The sword had vanished from history—sealed, buried, or simply forgotten.
Until now.
"Ryyuzin Zaka…" Cyron murmured, voice barely audible.
Every head turned to him.
He stared at Jarden—not with shock, but with a weight that made even Rosa still.
"That sword once belonged to the shadow herald of the clan," he said slowly. "It has never answered a child. Not in seven generations."
A few servants dropped their gazes.
A few siblings clenched their jaws.
And Utahame, standing silently behind the hall's pillars, closed her eyes and whispered something ancient to the winds.
"The ritual is over.
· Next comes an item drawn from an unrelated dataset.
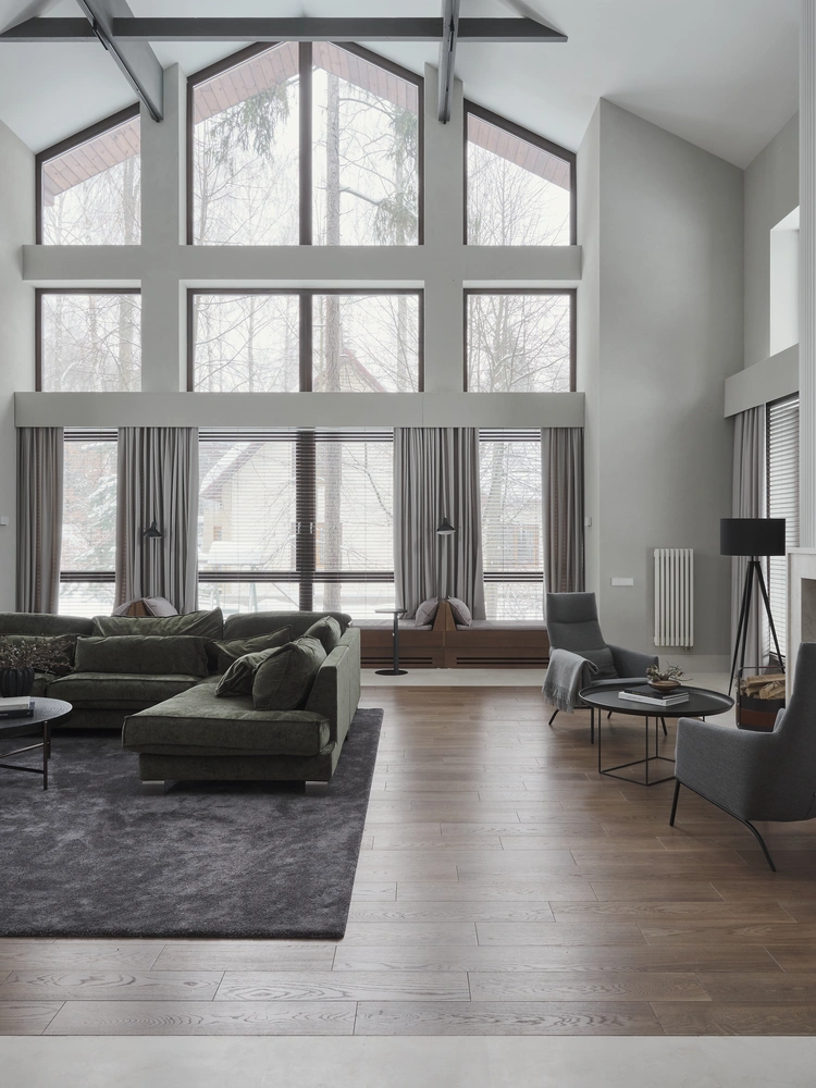 «Когда я познакомилась с этим объектом, все перегородки уже были возведены, — рассказывает дизайнер Татьяна Грицевская. — Строительство дома было заморожено на несколько лет. Вернувшись к реализации, заказчики обнаружили, что им больше не нравится первоначальный сложный интерьер c обилием блестящего камня. Он стал им казаться неактуальным. Поэтому основным пожеланием было сделать спокойный, нейтральный архитектурный интерьер с использованием только натуральных материалов в мебели и отделке, чтобы настроение в доме можно было легко менять с помощью мебели, текстиля и декора. Кроме этого, в семье четверо детей, поэтому все отделки проходили фильтр „устойчивости к маленьким детям“».

And bring Jarden… to the Inner Sanctum."
Cyron's order carried no question.
Because while Jin had chosen Barisada—the sword of authority—Jarden had awakened something older.
Something the clan had forgotten.
But the blade remembered him.
The ceremony had ended.
But silence didn't mean peace.
Jin sat wrapped in ceremonial cloth, lips lightly pursed. His fingers, still bandaged from gripping Barisada, twitched occasionally. The founder's sword pulsed faintly in its place—a relic of legacy, not just steel.
But what truly unsettled him wasn't his own pain.
It was the blade his twin had touched.
Ryyuzin Zaka.
Even with fragmented knowledge of ancient Runcandel myths, Jin had never heard the name. And yet when the weapon pulsed, his skin prickled with unease. It hadn't bled Jarden. It had answered him. In silence. In shadow.
Jin glanced sideways at the cradle beside him.
Jarden's eyes were calm. Not smug. Not vacant. Just... watching.
He knew what he was doing. That was no accidental selection.
Across the hall, Cyron stood unmoving. But his silence was heavier now—less ceremonial, more contemplative. At last, he turned and spoke only to Utahame.
"Jin chose the Founder's sword. And Jarden chose Ryyuzin Zaka."
Cyron spoke in a solemn tone.
A few people were cheering in joy, and a few others were trying their best to hide their displeasure.
This was what the Runcandel superstition was about.
"The ritual is over. And bring Jin to the Storm Castle."
"Utahame and Jarden Follow me."
Rosa frowned. "You're taking him to the Inner Sanctum?"
Cyron didn't answer.
Utahame bowed gently, cradling Jarden in her arms. She followed her lord without words. No servant dared intercept. No sibling dared question.
Inside the Inner Sanctum – Later That Night
The stone doors closed behind them with a muffled boom.
Ancient weapons hung in silent reverence. Scrolls embedded in crystal lined the walls. It was a place not even most swordmasters knew existed.
Cyron placed one hand on the obsidian pedestal and lowered his voice.
"That blade should not have appeared."
Utahame didn't flinch. "It returned because he was ready."
Cyron's gaze hardened. "It was sealed for a reason. Ryyuzin Zaka answers only to death-born spirits—those touched by non-lineage fate."
"He was touched," she replied. "By regret. By knowledge of a world that no longer exists. But also by resolve."
Cyron looked at Jarden—now sleeping, his breath slow but steady.
"I see no chaos in him."
"You won't. Not yet."
Cyron exhaled once—sharp and rare.
"If Barisada speaks of rule…"
"Ryyuzin Zaka speaks of rewriting."
Elsewhere — Jin's Chambers
Ginny dabbed a cloth across Jin's forehead, humming gently.
But Jin was wide awake.
'That sword… whatever it was… it changed something.'
He had returned to this world to carve out the future he was denied.
But now, there was another blade beside him. Equal in power. Rooted in mystery.
And wielded—no, accepted—by his twin.
For the first time in this new life… Jin didn't feel like the sole protagonist.
He felt the gravity of rivalry.
Not out of hatred.
Not from jealousy.
But from the knowledge that fate had now split into two roads.
And he didn't know where either of them led.